(Exercise)
Nothing should appear in the answer except the lines below from the line containing "Der Kletterturm der" through the line containing "国旗护卫队,6点15分接到核", copied exactly, with pictures left out.

(Records for this exercise)
......

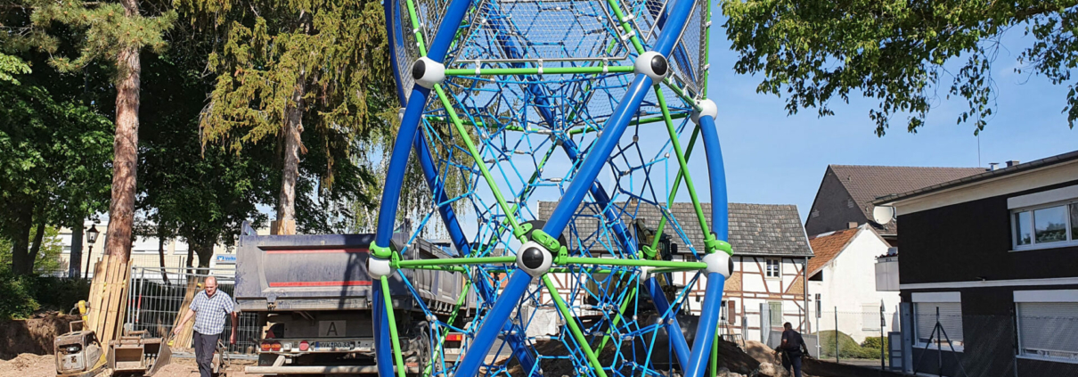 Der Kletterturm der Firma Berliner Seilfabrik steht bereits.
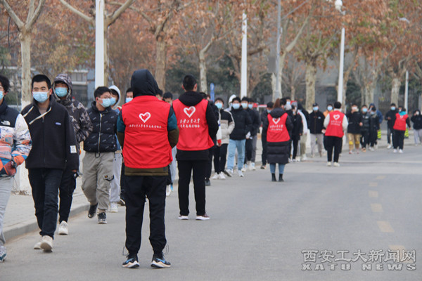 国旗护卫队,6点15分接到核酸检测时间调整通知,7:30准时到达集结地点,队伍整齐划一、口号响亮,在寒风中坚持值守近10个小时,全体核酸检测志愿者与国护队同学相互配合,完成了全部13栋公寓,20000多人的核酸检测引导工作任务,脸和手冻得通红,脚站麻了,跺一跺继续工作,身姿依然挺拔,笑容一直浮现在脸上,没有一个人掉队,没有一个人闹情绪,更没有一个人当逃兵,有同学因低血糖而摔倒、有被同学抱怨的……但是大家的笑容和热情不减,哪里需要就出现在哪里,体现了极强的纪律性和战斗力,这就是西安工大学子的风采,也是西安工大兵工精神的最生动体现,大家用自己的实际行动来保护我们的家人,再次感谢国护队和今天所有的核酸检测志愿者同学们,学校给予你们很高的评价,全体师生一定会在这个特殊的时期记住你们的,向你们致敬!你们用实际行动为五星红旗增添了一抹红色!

......

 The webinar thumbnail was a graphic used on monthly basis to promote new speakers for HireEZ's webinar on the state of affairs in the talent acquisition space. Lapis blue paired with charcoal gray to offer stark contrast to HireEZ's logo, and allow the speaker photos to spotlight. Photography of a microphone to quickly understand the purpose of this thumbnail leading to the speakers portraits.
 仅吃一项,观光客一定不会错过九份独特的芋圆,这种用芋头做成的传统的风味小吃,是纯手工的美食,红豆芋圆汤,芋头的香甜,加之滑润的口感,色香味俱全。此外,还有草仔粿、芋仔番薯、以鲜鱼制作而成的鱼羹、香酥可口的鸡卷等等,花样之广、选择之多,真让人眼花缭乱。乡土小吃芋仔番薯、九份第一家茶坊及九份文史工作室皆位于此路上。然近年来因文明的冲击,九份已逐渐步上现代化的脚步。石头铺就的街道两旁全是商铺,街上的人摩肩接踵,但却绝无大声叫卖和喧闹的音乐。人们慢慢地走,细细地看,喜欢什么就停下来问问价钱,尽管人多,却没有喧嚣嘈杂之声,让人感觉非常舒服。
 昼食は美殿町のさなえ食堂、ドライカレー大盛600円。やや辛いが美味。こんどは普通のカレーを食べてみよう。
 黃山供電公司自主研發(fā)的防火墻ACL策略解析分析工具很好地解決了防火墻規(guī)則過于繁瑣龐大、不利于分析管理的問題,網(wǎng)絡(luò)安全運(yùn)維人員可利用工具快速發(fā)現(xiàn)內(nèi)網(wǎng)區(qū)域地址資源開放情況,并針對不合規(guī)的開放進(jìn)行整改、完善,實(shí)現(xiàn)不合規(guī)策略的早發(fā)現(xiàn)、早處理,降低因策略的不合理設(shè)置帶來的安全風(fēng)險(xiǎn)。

......

(Answer to the problem)
 Der Kletterturm der Firma Berliner Seilfabrik steht bereits.
 国旗护卫队,6点15分接到核酸检测时间调整通知,7:30准时到达集结地点,队伍整齐划一、口号响亮,在寒风中坚持值守近10个小时,全体核酸检测志愿者与国护队同学相互配合,完成了全部13栋公寓,20000多人的核酸检测引导工作任务,脸和手冻得通红,脚站麻了,跺一跺继续工作,身姿依然挺拔,笑容一直浮现在脸上,没有一个人掉队,没有一个人闹情绪,更没有一个人当逃兵,有同学因低血糖而摔倒、有被同学抱怨的……但是大家的笑容和热情不减,哪里需要就出现在哪里,体现了极强的纪律性和战斗力,这就是西安工大学子的风采,也是西安工大兵工精神的最生动体现,大家用自己的实际行动来保护我们的家人,再次感谢国护队和今天所有的核酸检测志愿者同学们,学校给予你们很高的评价,全体师生一定会在这个特殊的时期记住你们的,向你们致敬!你们用实际行动为五星红旗增添了一抹红色!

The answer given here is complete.